The plain language and the context of these regulations demonstrate that they establish criteria to be used
by the I.G. in making exclusion determinations. The regulations neither state nor suggest that they
establish standards for review of exclusions' reasonableness by administrative law judges. 7/ Furthermore,
as I held in Herlich and Willig, if the Part 1001 regulations were held to establish criteria for review of
exclusions, they would render meaningless the new Part 1005 regulations, which establish procedures
governing hearings for parties excluded under section 1128. I am not prepared to find that the rights
established under Part 1005 are hollow.

As I observed in both Herlich and Willig, the Departmental Appeals Board, including its administrative
law judges, is the Secretary's delegate for purposes of interpreting the Act and its implementing
regulations. Decisions by the Board's appellate panels and administra-tive law judges which interpret the
Act and set forth standards for administrative review of exclusion determinations are therefore the
Secretary's final interpretation of the Act. Herlich at 15; Willig at 20. The Secretary may publish
regulations which overrule his interpretations of the Act. However, as I held in Herlich and Willig, that
would require an unambiguous statement of intent, particularly where the interpreta-tions at issue hold that
Congress conferred specific rights on excluded parties.

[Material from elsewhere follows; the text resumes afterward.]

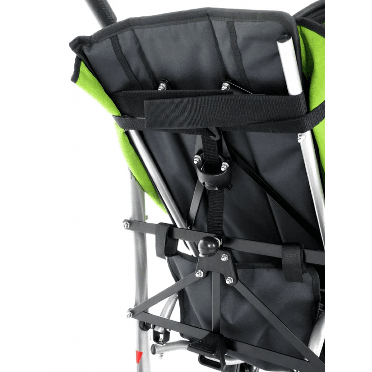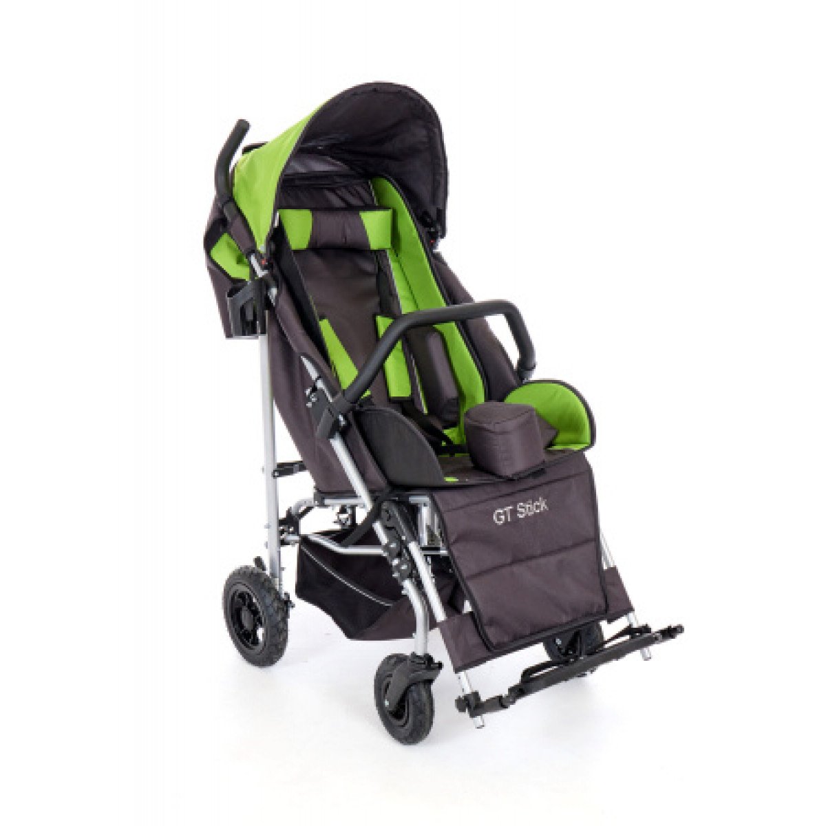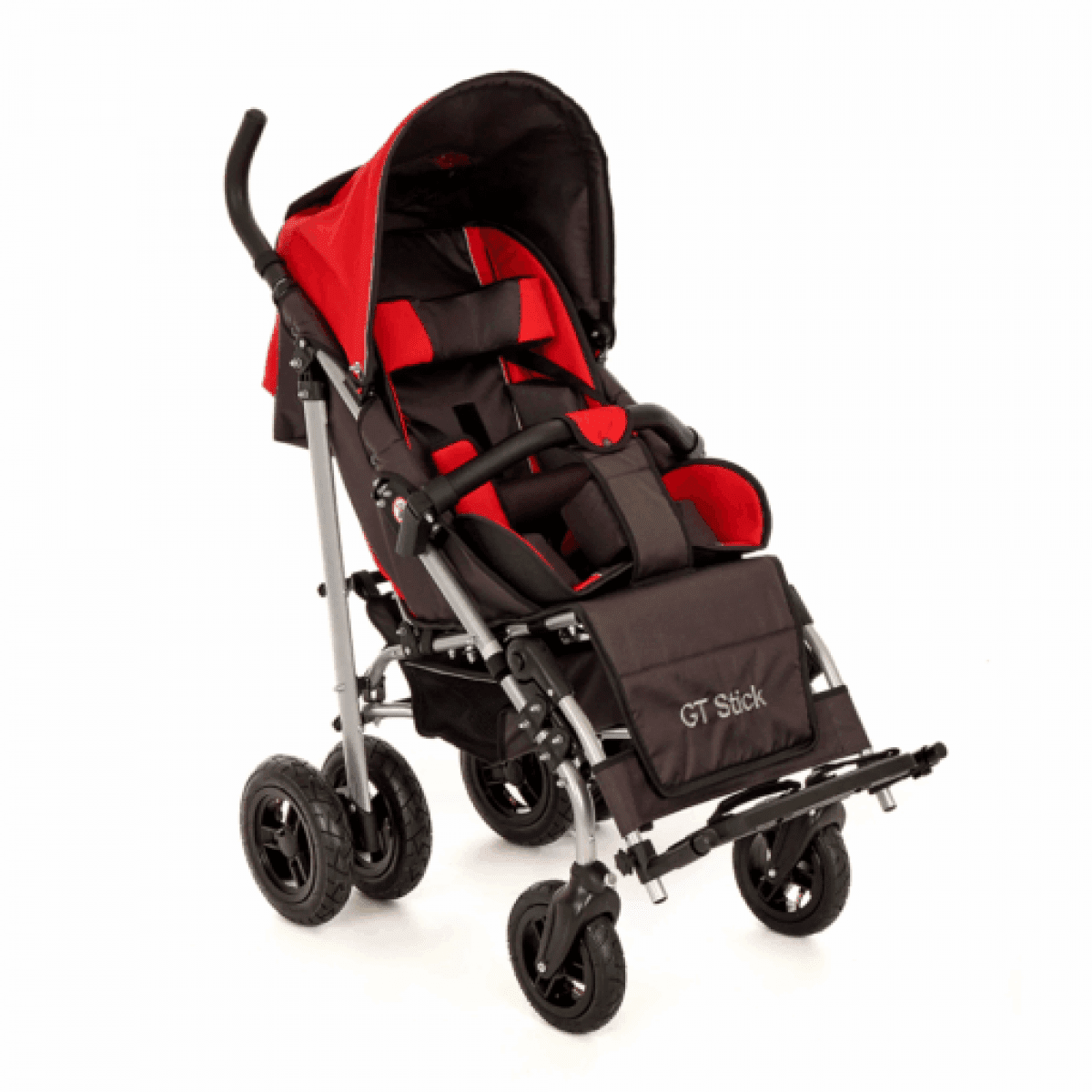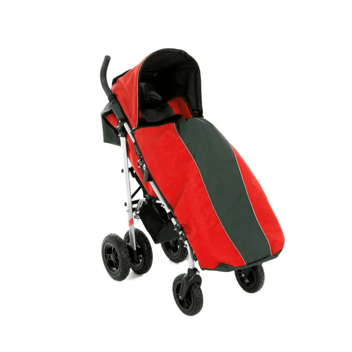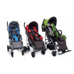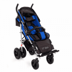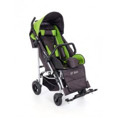 Коляска легко адаптируется под ребёнка: спинка регулируется по углу наклона, есть подголовник с фиксацией, боковые поддержки и абдуктор для правильного положения тела. Сиденье выполнено из прочного материала со съёмной обивкой — за ним проще ухаживать. Подножки регулируются по длине и оснащены ремнями для фиксации ног.

Had the Secretary intended that the Part 1001 regulations establish criteria which extinguished a party's
right to a de novo hearing, or the right to have the exclusion measured against the Act's remedial criteria,
he would have said so explicitly. He could have published a regulation in either Part 1001 or Part 1005 of
the new regulations which stated such an intent. By the same token, the Secretary could have published a
comment to the regulations which plainly established the Part 1001 regulations as criteria for deciding the
reasonableness of exclusions at the hearing level. It is significant that the Secretary did none of the
foregoing, especially in light of the plain and unambiguous language of the new regulations, and the
equally plain and unambiguous decisions by the Board's appellate panels which establish the standard of
review for deciding whether exclusions are reasonable.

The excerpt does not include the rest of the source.